Dataset section:
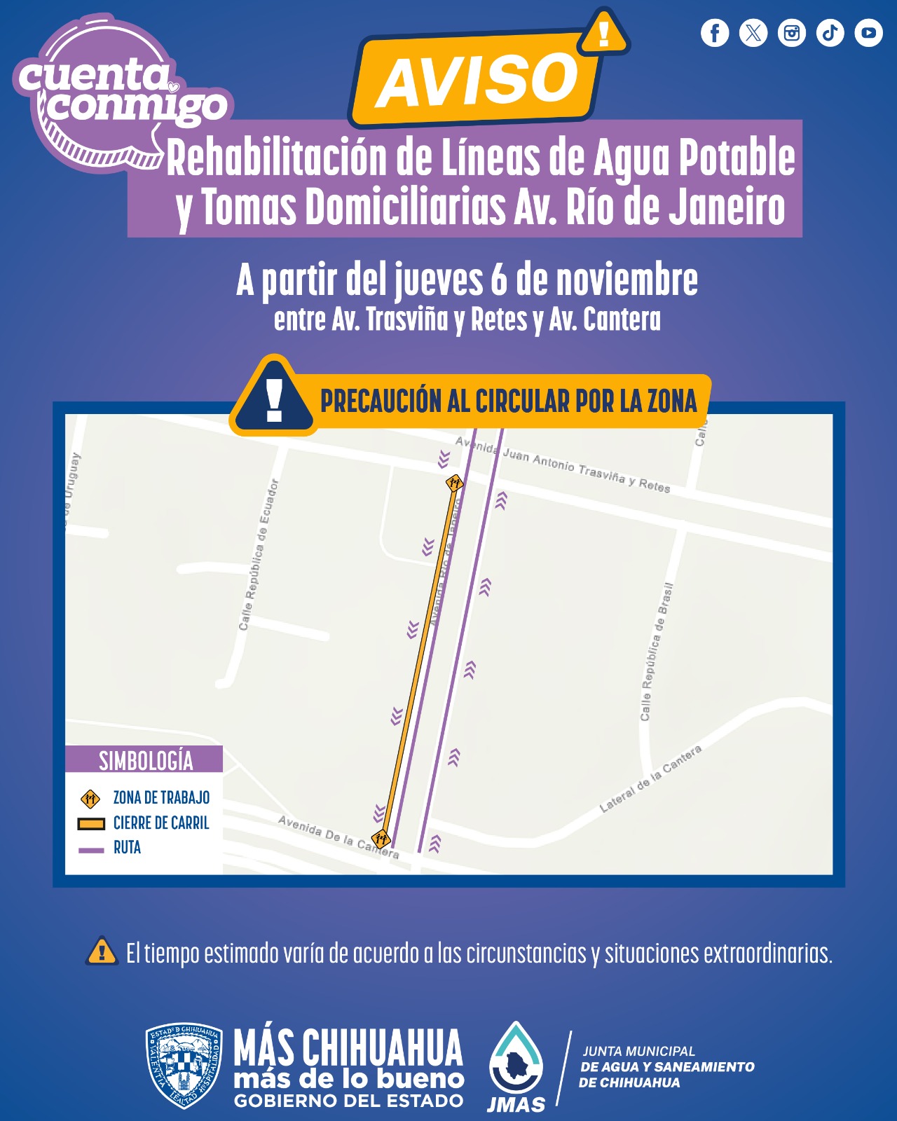 H. Cd. de Chihuahua.- La Junta Municipal de Agua y Saneamiento (JMAS) de Chihuahua iniciará este jueves 6 de noviembre, los trabajos de rehabilitación de líneas de agua
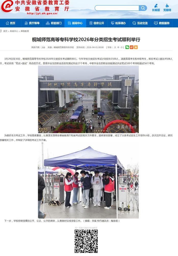 安徽教育网:桐城师范高等专科学校2026年分类招生考试顺利举行
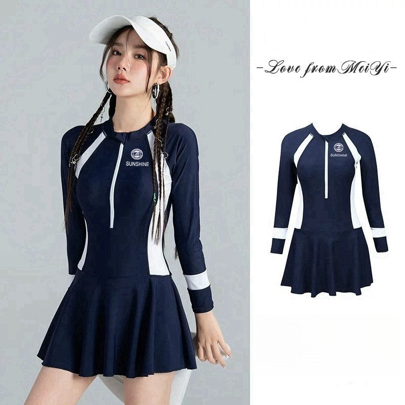 Black and White Color Matching One-piece Sports Small Chest Gathered To Cover The Belly Weight Swimming Sun Protection Swimsuit

Activity: Only the lines from the one containing "安徽教育网:桐城师范高等专科学校2026年分类招生考试顺利举行" through the final line of the listing should be reproduced, exactly and with no pictures.

Answer box:
 安徽教育网:桐城师范高等专科学校2026年分类招生考试顺利举行
 Black and White Color Matching One-piece Sports Small Chest Gathered To Cover The Belly Weight Swimming Sun Protection Swimsuit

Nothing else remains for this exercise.